FIG. 12 illustrates a fifth embodiment of a structure of a 3D memory array according to this disclosure, which is a variation of the second embodiment. The fifth embodiment differs from the second embodiment in that the 3D memory array of the fifth embodiment includes multiple rows of the sub-arrays 300, with the rows being arranged in the Y-axis direction. In the illustrative embodiment, the 3D memory array of the fifth embodiment includes but not limited to six sub-arrays 300 that are arranged in two rows and three columns. The six sub-arrays 300 are formed in two tableland features 200 that are aligned in the Y-axis direction. Each of the tableland features 200 includes three of the sub-arrays 300 arranged in a row that extends in the X-axis direction. The tableland features 200 that are adjacent in the Y-axis direction are separated from each other.
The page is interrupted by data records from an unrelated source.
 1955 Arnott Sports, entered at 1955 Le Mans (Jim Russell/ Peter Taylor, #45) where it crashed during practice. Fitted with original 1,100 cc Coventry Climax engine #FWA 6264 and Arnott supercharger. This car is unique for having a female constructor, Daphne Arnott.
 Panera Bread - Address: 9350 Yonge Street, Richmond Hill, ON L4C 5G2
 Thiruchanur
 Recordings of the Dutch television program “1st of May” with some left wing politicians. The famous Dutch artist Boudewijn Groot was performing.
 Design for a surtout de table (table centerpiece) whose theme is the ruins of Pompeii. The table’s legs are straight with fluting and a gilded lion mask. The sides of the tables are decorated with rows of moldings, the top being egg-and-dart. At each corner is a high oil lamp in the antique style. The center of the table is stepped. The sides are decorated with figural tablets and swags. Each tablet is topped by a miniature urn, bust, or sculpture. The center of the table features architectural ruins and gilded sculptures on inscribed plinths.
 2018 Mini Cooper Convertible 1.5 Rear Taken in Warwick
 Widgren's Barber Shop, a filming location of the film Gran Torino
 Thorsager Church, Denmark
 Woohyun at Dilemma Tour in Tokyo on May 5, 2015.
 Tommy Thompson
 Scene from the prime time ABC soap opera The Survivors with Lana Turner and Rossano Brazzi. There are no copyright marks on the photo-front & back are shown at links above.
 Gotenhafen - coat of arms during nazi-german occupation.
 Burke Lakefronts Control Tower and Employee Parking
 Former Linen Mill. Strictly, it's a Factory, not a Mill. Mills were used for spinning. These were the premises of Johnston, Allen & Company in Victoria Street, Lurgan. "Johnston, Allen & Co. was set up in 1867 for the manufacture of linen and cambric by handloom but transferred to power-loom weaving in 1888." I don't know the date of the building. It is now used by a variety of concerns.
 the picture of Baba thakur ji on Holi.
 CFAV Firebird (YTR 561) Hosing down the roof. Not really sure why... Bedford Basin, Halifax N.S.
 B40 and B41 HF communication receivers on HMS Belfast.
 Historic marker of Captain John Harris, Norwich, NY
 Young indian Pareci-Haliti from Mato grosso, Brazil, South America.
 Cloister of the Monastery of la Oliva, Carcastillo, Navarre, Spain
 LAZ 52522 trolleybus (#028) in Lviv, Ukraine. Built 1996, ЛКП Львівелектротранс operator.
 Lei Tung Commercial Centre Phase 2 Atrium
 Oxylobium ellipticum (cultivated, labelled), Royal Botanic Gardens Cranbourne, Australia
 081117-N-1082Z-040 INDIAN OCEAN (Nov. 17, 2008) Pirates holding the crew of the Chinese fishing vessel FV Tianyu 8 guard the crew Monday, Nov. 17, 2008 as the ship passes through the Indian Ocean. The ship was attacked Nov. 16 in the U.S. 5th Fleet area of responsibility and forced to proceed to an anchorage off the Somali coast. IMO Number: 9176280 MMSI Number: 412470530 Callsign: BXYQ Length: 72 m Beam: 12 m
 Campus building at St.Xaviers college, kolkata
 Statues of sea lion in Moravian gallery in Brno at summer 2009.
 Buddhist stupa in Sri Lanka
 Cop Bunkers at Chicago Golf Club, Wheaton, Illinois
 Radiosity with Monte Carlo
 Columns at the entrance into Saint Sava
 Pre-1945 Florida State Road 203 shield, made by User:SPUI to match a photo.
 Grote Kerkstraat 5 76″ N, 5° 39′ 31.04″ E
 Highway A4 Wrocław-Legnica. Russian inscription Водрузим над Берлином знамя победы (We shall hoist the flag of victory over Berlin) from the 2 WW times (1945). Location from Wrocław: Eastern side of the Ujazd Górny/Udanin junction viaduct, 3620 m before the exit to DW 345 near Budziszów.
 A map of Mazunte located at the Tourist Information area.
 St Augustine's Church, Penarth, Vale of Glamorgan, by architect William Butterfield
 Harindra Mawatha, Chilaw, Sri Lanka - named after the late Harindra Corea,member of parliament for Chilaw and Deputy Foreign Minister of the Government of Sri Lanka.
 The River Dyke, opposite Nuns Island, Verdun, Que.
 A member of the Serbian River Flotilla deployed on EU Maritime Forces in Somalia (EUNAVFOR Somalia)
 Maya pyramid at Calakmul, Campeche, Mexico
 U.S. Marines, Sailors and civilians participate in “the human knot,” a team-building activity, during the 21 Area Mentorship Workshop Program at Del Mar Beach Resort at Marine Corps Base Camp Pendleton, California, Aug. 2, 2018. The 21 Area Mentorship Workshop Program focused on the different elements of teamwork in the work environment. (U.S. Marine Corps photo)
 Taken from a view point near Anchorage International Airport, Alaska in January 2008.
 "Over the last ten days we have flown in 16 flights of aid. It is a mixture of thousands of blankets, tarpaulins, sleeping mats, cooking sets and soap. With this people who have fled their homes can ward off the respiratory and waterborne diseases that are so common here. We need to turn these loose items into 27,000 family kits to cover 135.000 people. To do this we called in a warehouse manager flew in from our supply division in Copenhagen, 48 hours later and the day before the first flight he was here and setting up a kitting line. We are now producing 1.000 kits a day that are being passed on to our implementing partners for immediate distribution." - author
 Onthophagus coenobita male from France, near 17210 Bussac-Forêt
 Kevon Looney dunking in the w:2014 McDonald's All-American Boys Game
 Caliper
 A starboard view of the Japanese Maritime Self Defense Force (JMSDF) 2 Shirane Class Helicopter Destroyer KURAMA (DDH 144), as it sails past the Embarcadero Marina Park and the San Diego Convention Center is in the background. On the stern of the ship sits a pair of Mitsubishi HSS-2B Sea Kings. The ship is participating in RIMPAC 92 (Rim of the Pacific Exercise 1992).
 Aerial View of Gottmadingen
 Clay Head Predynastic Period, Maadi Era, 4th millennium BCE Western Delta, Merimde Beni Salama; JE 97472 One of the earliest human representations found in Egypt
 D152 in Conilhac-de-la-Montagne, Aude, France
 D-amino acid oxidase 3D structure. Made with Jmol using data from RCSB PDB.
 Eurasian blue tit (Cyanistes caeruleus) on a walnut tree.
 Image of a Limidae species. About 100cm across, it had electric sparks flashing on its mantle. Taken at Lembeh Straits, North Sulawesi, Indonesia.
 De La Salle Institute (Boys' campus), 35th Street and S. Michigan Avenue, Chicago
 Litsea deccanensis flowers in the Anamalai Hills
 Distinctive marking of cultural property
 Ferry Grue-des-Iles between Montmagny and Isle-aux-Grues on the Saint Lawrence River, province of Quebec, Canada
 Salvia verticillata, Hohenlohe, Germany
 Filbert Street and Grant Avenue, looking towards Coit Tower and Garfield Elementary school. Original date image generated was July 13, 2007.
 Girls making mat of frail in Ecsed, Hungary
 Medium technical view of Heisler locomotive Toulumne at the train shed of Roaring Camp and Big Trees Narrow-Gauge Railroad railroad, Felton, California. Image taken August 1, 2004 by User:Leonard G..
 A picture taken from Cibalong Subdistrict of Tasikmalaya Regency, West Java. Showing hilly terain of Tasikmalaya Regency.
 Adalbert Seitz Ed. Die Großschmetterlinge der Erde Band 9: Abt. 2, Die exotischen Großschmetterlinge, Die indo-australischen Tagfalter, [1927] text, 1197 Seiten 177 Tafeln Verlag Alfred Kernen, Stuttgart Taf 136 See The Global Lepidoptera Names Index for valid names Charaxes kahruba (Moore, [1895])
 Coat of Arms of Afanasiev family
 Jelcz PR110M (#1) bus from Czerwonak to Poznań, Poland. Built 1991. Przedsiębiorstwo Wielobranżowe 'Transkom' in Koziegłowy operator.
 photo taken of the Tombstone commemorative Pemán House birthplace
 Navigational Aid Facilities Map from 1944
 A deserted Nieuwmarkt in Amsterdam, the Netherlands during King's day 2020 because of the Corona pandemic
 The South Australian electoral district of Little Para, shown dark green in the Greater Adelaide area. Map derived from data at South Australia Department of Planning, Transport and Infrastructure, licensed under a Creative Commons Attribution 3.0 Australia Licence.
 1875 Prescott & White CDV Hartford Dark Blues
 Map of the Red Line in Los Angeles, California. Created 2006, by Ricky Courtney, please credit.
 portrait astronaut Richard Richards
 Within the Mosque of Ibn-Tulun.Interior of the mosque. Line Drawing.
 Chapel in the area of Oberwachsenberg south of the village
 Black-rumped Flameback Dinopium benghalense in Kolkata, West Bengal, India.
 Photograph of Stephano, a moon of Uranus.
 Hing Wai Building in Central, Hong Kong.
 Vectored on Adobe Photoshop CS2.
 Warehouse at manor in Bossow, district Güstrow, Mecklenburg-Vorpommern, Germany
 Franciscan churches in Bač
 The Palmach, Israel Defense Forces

By virtue of forming multiple rows of the sub-arrays 300 in multiple tableland features 200 that are arranged in the Y-axis direction, chip area can be used more efficiently and flexibly.
FIG. 13 is a flow chart that cooperates with FIGS. 14 through 27 to illustrate an exemplary process for fabricating the 3D memory array according to this disclosure, where FIGS. 14, 16, 18, 20, 22, 24 and 26 illustrate a middle portion (middle as in the X-axis direction) of a single tableland feature 200 respectively in different steps, and FIGS. 15, 17, 19, 21, 23, 25 and 27 illustrate a corner portion of the single tableland feature 200 respectively in different steps.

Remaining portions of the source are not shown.